### Your task
In your copy, include no images and return each entry exactly as written.

== Segment start ==

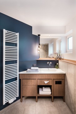 The design is derived from the name of the hotel and the character of the city. The »Domizil« (= home) exudes a good feeling, resulting in a bright mood and rousing confidence. The peaceful effect of the Neckar River and its colours are incorporated into a harmonious concept. Natural colour contrasts, relating to the famous houses of Tübingen Old Town are created in combination with wood and leather tones, as well as black metal.
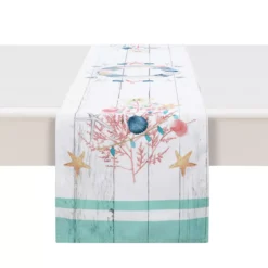 Set sail on a coastal escape this holiday season with Laural Home’s “Coastal Christmas”ย table runner. This lively design features nautical icons and coastal creatures on a boardwalk-like background. Bring the peaceful spirit of the sea to your home in time for the holidays.ย
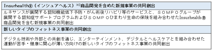 両社グループの強み・ノウハウを活かした現行サービスの進化に加え、中長期的には、データ・エビデンスに基づく認知機能低下予防・生活習慣病等の予防・身体機能改善事業を創出し、企業・健康保険組合・地方自治体等の関係機関とも連携しながら広く展開していくことを目指します。
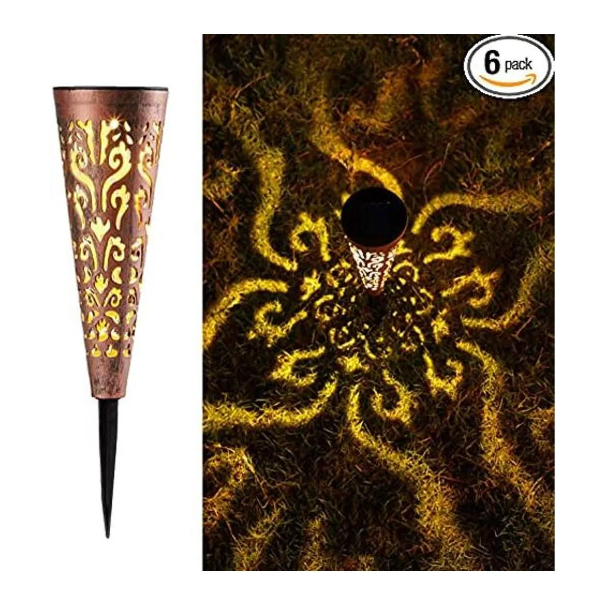 6 estacas de luces solares para jardín, iluminación decorativa para patio, camino, patio, decoración de césped bronce
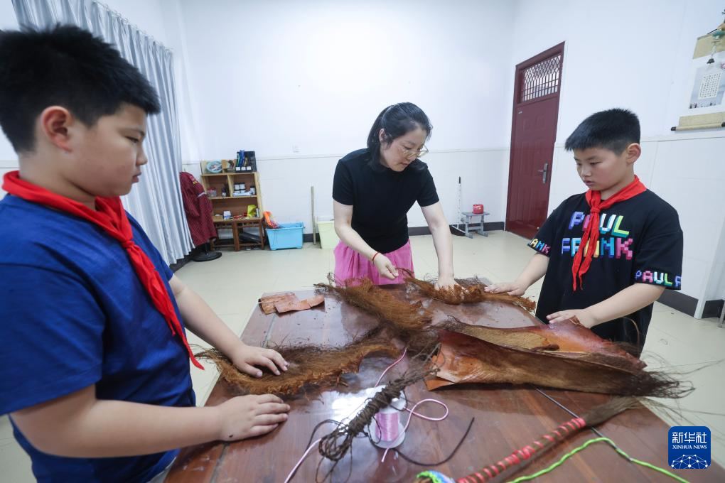 5月13日,陶朱街道中心学校西湖小学的学生在学习棕编。
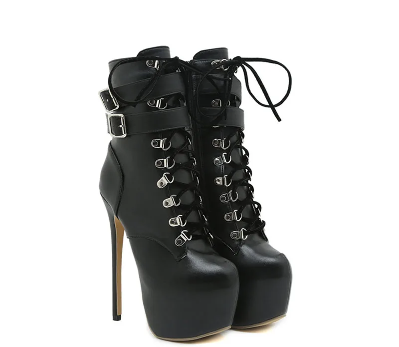 Botas sexis con plataforma y tacones extremadamente altos de 16,5 CM con correa y hebilla para mujer, zapatos de Stripper con cordones cruzados y punta redonda para fiesta y Club
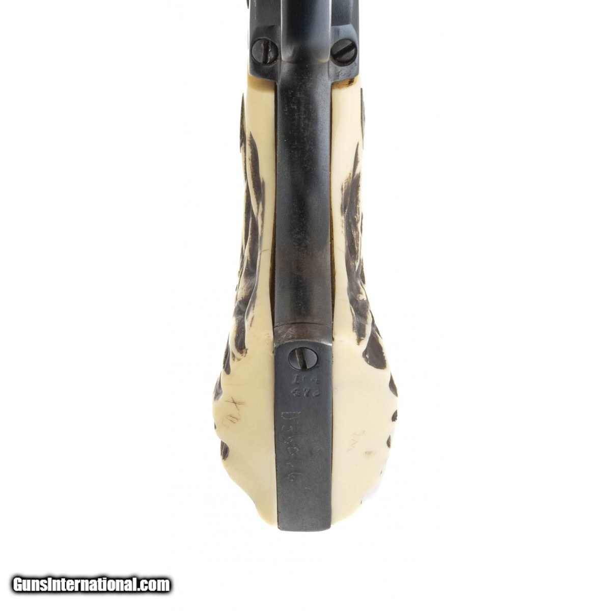 Description: " SN: 104473. Made in 1884, 45 Colt caliber with a 4.75"" barrel. Antique Colt Single Action revolver. The barrel is a replacement and has an excellent bore. The metal has been refinished and the grips are plastic imitation stag. The action needs some work but is still operational. SOLD |
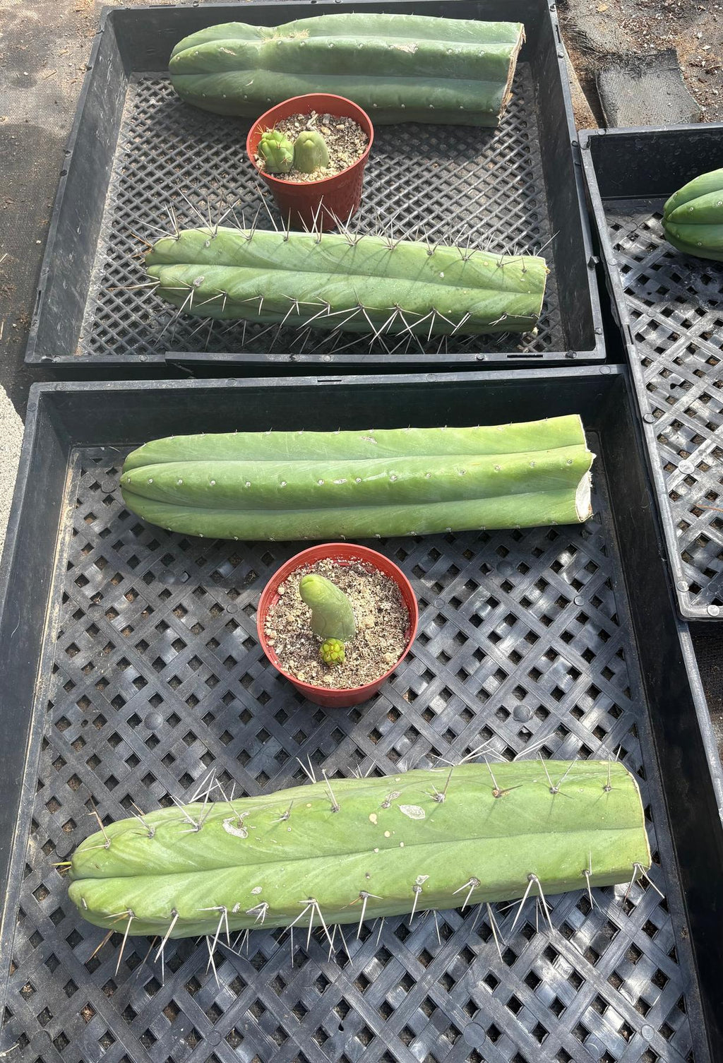 Trichocereus beginning collector starter combo, three different clones grown here at the Succulent Source Nursery, a Pachanoi Jiimz Juuls, and a Bridgesii Jiimz, both of which will be cuttings, a trich seedling 2-4”, and a TBM(Tricho. Bridgesii Monstrose short form) potted in a 40 container. The cuttings will be approx. 10-12". All three will come with aluminum ID tags and some freebies! **pics are examples of the three types you’ll be receiving, Good luck!

== Segment end ==

### Task response
 The design is derived from the name of the hotel and the character of the city. The »Domizil« (= home) exudes a good feeling, resulting in a bright mood and rousing confidence. The peaceful effect of the Neckar River and its colours are incorporated into a harmonious concept. Natural colour contrasts, relating to the famous houses of Tübingen Old Town are created in combination with wood and leather tones, as well as black metal.
 Set sail on a coastal escape this holiday season with Laural Home’s “Coastal Christmas”ย table runner. This lively design features nautical icons and coastal creatures on a boardwalk-like background. Bring the peaceful spirit of the sea to your home in time for the holidays.ย
 両社グループの強み・ノウハウを活かした現行サービスの進化に加え、中長期的には、データ・エビデンスに基づく認知機能低下予防・生活習慣病等の予防・身体機能改善事業を創出し、企業・健康保険組合・地方自治体等の関係機関とも連携しながら広く展開していくことを目指します。
 6 estacas de luces solares para jardín, iluminación decorativa para patio, camino, patio, decoración de césped bronce
 5月13日,陶朱街道中心学校西湖小学的学生在学习棕编。
 Botas sexis con plataforma y tacones extremadamente altos de 16,5 CM con correa y hebilla para mujer, zapatos de Stripper con cordones cruzados y punta redonda para fiesta y Club
 Description: " SN: 104473. Made in 1884, 45 Colt caliber with a 4.75"" barrel. Antique Colt Single Action revolver. The barrel is a replacement and has an excellent bore. The metal has been refinished and the grips are plastic imitation stag. The action needs some work but is still operational. SOLD |
 Trichocereus beginning collector starter combo, three different clones grown here at the Succulent Source Nursery, a Pachanoi Jiimz Juuls, and a Bridgesii Jiimz, both of which will be cuttings, a trich seedling 2-4”, and a TBM(Tricho. Bridgesii Monstrose short form) potted in a 40 container. The cuttings will be approx. 10-12". All three will come with aluminum ID tags and some freebies! **pics are examples of the three types you’ll be receiving, Good luck!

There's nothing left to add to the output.